Women’s History — Voting in Still Pond, 1908
Peter Heck • March 30, 2021
A state historical marker stands at Maryland Route 292 and Old Still Pond Road in the village of Still Pond, Kent County. The sign commemorates a significant event in this sleepy little town more than a century ago.
The marker reads: “In the village of Still Pond, twelve years before the 19th Amendment established women’s suffrage, Mary Jane Clark Howard, Anne Baker Maxwell, and Lillie Deringer Kelley cast their ballots in the municipal election of 1908. That year, an act for incorporation of the town had provided the right to vote to any male or female resident taxpayer over age 21. Fourteen women were registered to vote, two of them African American.”
Seventy-two men also cast ballots in that municipal election, according to the Ballot & Beyond website.
While these three Still Pond residents were the first women to vote in Maryland, the push for woman suffrage — as it was called then — began long before that. In fact, it can be traced back to Colonial times, according to the Maryland State Archives. As early as 1648, Margaret Brent appeared before the governor and General Assembly, asking to be admitted with two votes — one as a landowner, the other as an attorney for Lord Baltimore. Her actions make her the first recorded suffragist in America, a distinction she undoubtedly would have considered inadequate compensation for the Assembly’s denial of her request.
It wasn’t just women who were denied the vote in the colonies’ early days. Only white men who owned property could vote in Maryland until 1802, and it took a special act of the Assembly in 1825 to extend the franchise to Jews. Only after Congress passed the 14th and 15th Amendments to the Constitution in the late 1860s were African-American men given the right to vote – although in too many jurisdictions, it took many more years before other barriers to their doing so began to come down. Meanwhile, half the population — women — continued to be denied the right to vote, although there were more and more who asked, “Why?”

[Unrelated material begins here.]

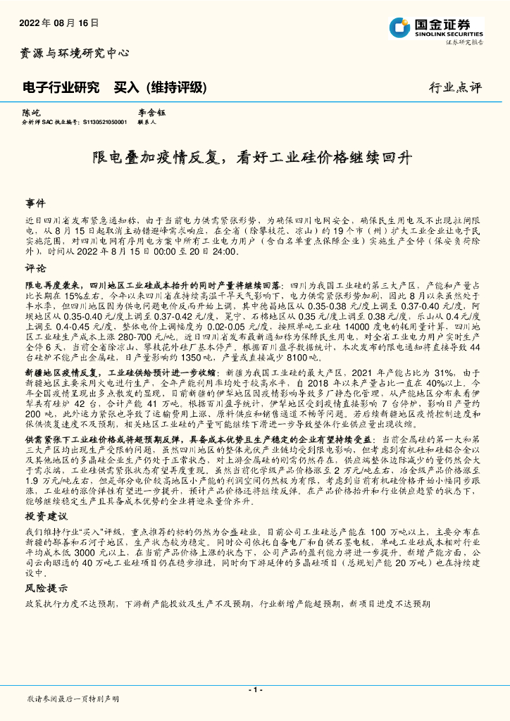 国金证券:电子行业研究:限电叠加疫情反复, 看好工业硅价格继续回升.pdf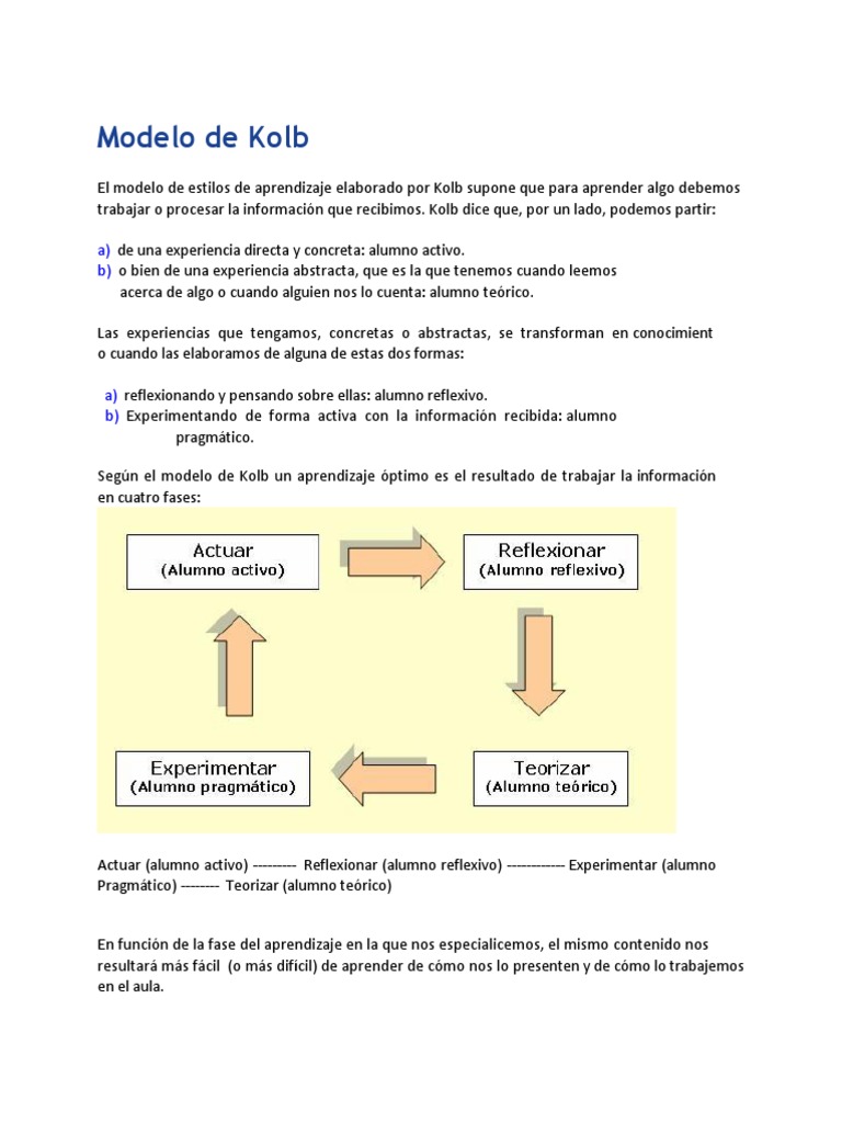 El modelo de estilos de aprendizaje elaborado por Kolb supone que para aprender algo debemos

Organizations promoting women’s rights spread and grew, especially in the 1840s, notably at the 1848 Seneca Falls Convention, where a formal resolution demanding suffrage for women was passed. The quest for women’s suffrage really took off after the Civil War. It was supported by a number of organizations, both state and national, including the influential Women’s Christian Temperance Union. In 1875, the Supreme Court ruled that a woman’s right to vote was not included in the Constitution, at which point women’s efforts turned to obtaining an amendment to establish the right.
Not all states were rigidly opposed to giving women the vote. Wyoming extended them the franchise in 1869, and Utah followed in 1870. But the all-male Maryland legislature continued to oppose the call for equal rights. The Republicans, then as now the minority party in the state, supported giving women the vote — after all, the new voters might show their appreciation by voting for the party responsible for extending them the franchise.
That didn’t stop some local jurisdictions from making their own decisions. In 1896, the town of Loch Lynn Heights in Garrett County passed a charter granting universal suffrage; however, there is no evidence that any women took advantage of the right. And in 1900, women property owners in Annapolis were allowed to vote in a municipal bond election, a right they continued to have although they were not given a vote in other matters. And then there was Still Pond in 1908, which granted women the right to vote in all municipal elections.
Still Pond soon changed its charter to retract the women’s right to vote. It was only with the passage of the 19th Amendment that women won the right to vote in all jurisdictions and in all elections. And still, the Maryland General Assembly dragged its feet. It voted against ratification of the amendment in 1920, and only a Supreme Court decision in 1922 finally slapped down the anti-suffrage activists who attempted to keep women in their place. Even then, it took until 1941 for the General Assembly to ratify the amendment, although women had been legally voting in the state for two decades by that point.
But it’s timely and appropriate to take a moment to recognize Maryland voting pioneers Mary Jane Clark Howard, Anne Baker Maxwell, and Lillie Deringer Kelley for stepping forward to cast their votes in Still Pond all those years ago. They made history on the Eastern Shore — and paved the way to an era when women can not only vote, but can aspire to the highest offices in the land.
Peter Heck is a Chestertown-based writer and editor, who spent 10 years at the Kent County News and three more with the Chestertown Spy. He is the author of 10 novels and co-author of four plays, a book reviewer for Asimov’s and Kirkus Reviews, and an incorrigible guitarist.